Task details>
What you give back should be exactly the lines from the one with "SASTOJCI: - 1kg" through the end of the data, without the pictures.

Input data>
──────────────────────────────
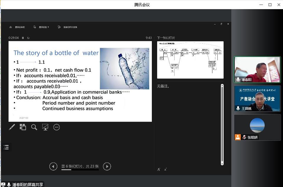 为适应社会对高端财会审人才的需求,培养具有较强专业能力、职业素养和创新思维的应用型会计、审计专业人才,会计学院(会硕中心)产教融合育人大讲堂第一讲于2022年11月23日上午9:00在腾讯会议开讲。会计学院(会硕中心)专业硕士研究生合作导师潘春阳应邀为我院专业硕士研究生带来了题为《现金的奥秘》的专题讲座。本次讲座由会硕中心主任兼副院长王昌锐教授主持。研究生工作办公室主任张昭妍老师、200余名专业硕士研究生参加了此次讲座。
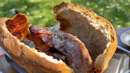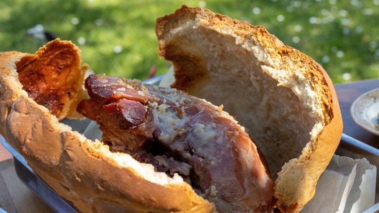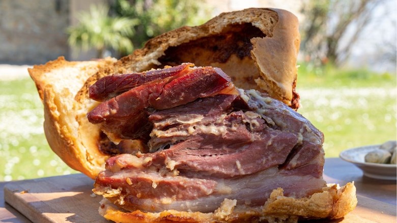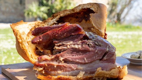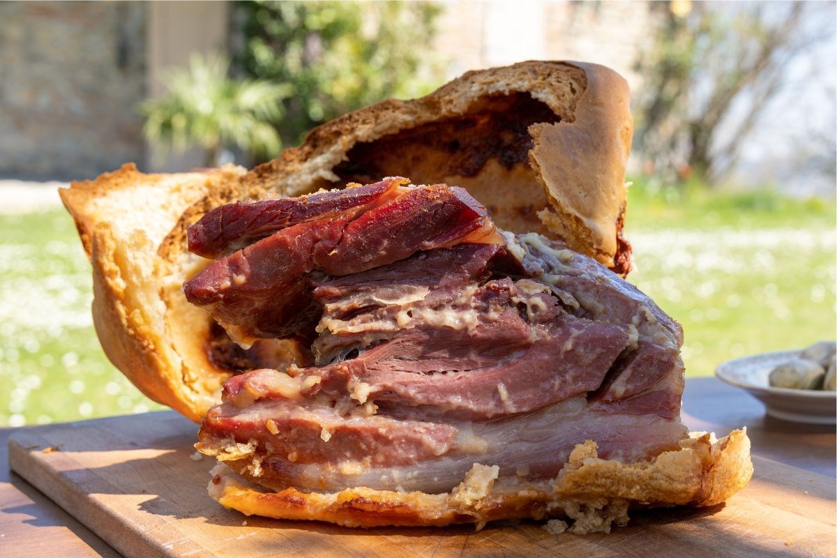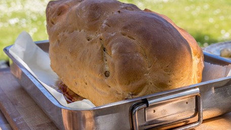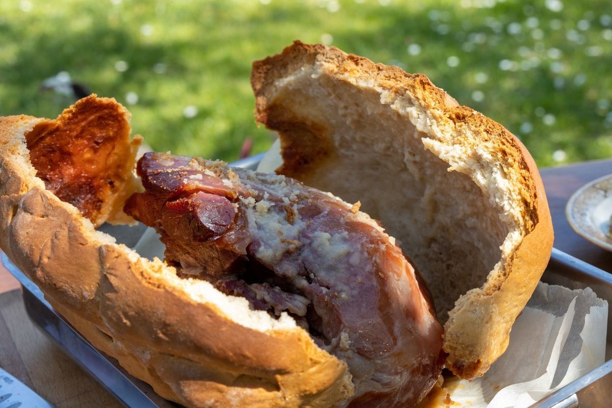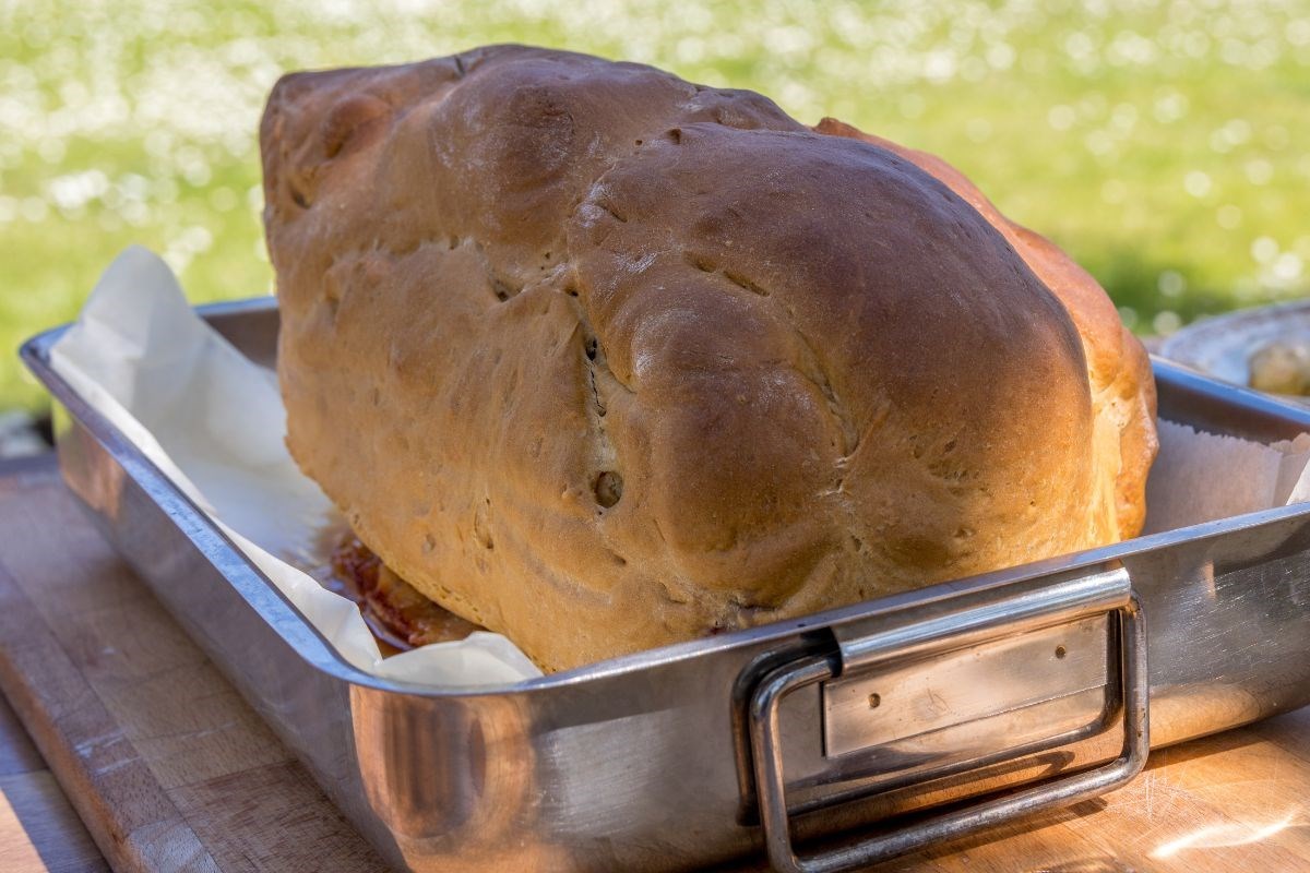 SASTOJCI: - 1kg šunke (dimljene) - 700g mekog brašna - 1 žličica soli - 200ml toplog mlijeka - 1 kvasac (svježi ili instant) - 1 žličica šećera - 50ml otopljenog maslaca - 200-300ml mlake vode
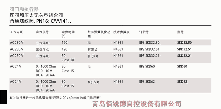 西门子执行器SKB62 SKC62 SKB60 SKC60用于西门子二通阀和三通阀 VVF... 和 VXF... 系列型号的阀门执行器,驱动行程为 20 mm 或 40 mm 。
──────────────────────────────
Result for this exercise>
 SASTOJCI: - 1kg šunke (dimljene) - 700g mekog brašna - 1 žličica soli - 200ml toplog mlijeka - 1 kvasac (svježi ili instant) - 1 žličica šećera - 50ml otopljenog maslaca - 200-300ml mlake vode
 西门子执行器SKB62 SKC62 SKB60 SKC60用于西门子二通阀和三通阀 VVF... 和 VXF... 系列型号的阀门执行器,驱动行程为 20 mm 或 40 mm 。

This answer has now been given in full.